At the 2015 general election, Pow was elected to Parliament as MP for Taunton Deane with 48.1% of the vote and a majority of 15,491.

She declared that she would vote Remain in the 2016 Brexit referendum.

During the 2015–17 Parliament, Pow sat on the Environmental Audit Select Committee and Environment, Food and Rural Affairs Select Committee.

Pow was re-elected as MP for Taunton Deane at the snap 2017 general election with an increased vote share of 52.9% and an increased majority of 15,887.

Pow received local and national criticism for stating during the 2017 Budget debate that people in Taunton have "thousands of extra pounds in their pockets".

In April 2018, Pow was awarded a Green Heart Hero Award by The Climate Coalition, a coalition of over 100 charities and community groups across the UK, for being the "Greenest New MP" for her environmental work. A constituent recognising the award nevertheless criticised Pow's record on low carbon measures.

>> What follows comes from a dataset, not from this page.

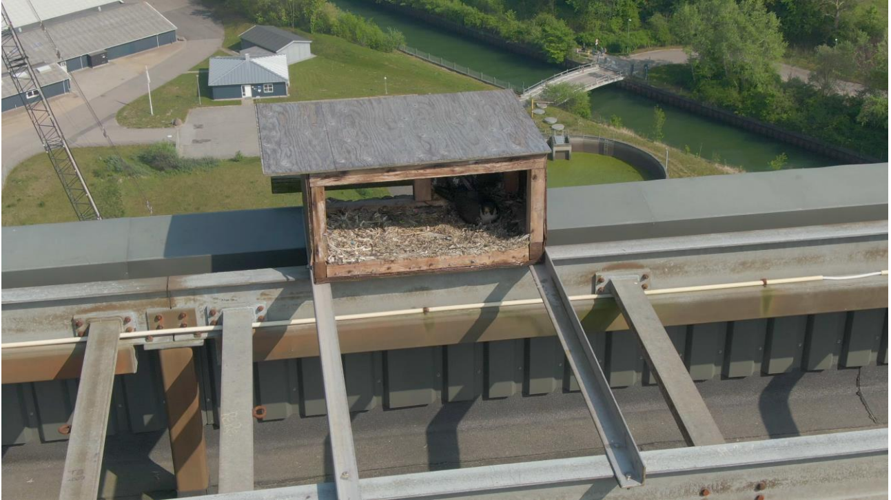
Vandrefalk på reden på Enstedværket få dage før sprængningen. 18. Maj 2019. Bagsiden af kassen var blæst væk samme vinter/forår.

Desuden er der opsat redekasser to steder i Sønderborg – ved Alsion og ved fjernvarmeværket ved byens nordlige udkant. Så vidt vides er der (endnu) ikke set vandrefalke ved disse kasser. I Haderslev er der for nylig opsat en kasse på toppen af bygningskomplekset ved Fuglsang. Men – som vi har set ved Enstedværket og andre steder - behøver et falkepar ikke nødvendigvis at bruge den opsatte redekasse. Måske kan de finde et andet egnet sted, som f.eks. en niche eller hul i noget murværk eller en hylde på større bygninger. I Østtyskland yngler arten også i gamle rovfuglereder.

Pow was appointed in September 2018 as a Parliamentary Private Secretary (PPS) to the Department for Environment, Food and Rural Affairs Ministerial team, before serving as PPS to Secretary of State for Work and Pensions Esther McVey until her Ministerial appointment in May 2019.

In May 2019, it was alleged that Pow was one of a number of MPs who had legally claimed parliamentary expenses for an 'accommodation uplift' contrary to the measure's original purpose.

On 10 September 2019, during the first Johnson ministry, Pow was appointed Parliamentary Under-Secretary of State at the Department for Environment, Food and Rural Affairs. Her ministerial portfolio included the domestic natural environment, climate change adaptation, land use and floods and water. She resigned from this position on 7 July 2022, as part of the July 2022 United Kingdom government crisis.

At the 2019 general election, Pow was again re-elected, with an increased vote share of 53.6% and a decreased majority of 11,700.

Prior to the 2024 general election, Pow's constituency of Taunton Deane was abolished, and replaced with Taunton and Wellington. In March 2024, Pow was selected as the Conservative candidate for Taunton and Wellington at the 2024 general election. Pow was ultimately defeated in the polls, coming second to the Liberal Democrat candidate Gideon Amos by 24,331 votes to 12,392.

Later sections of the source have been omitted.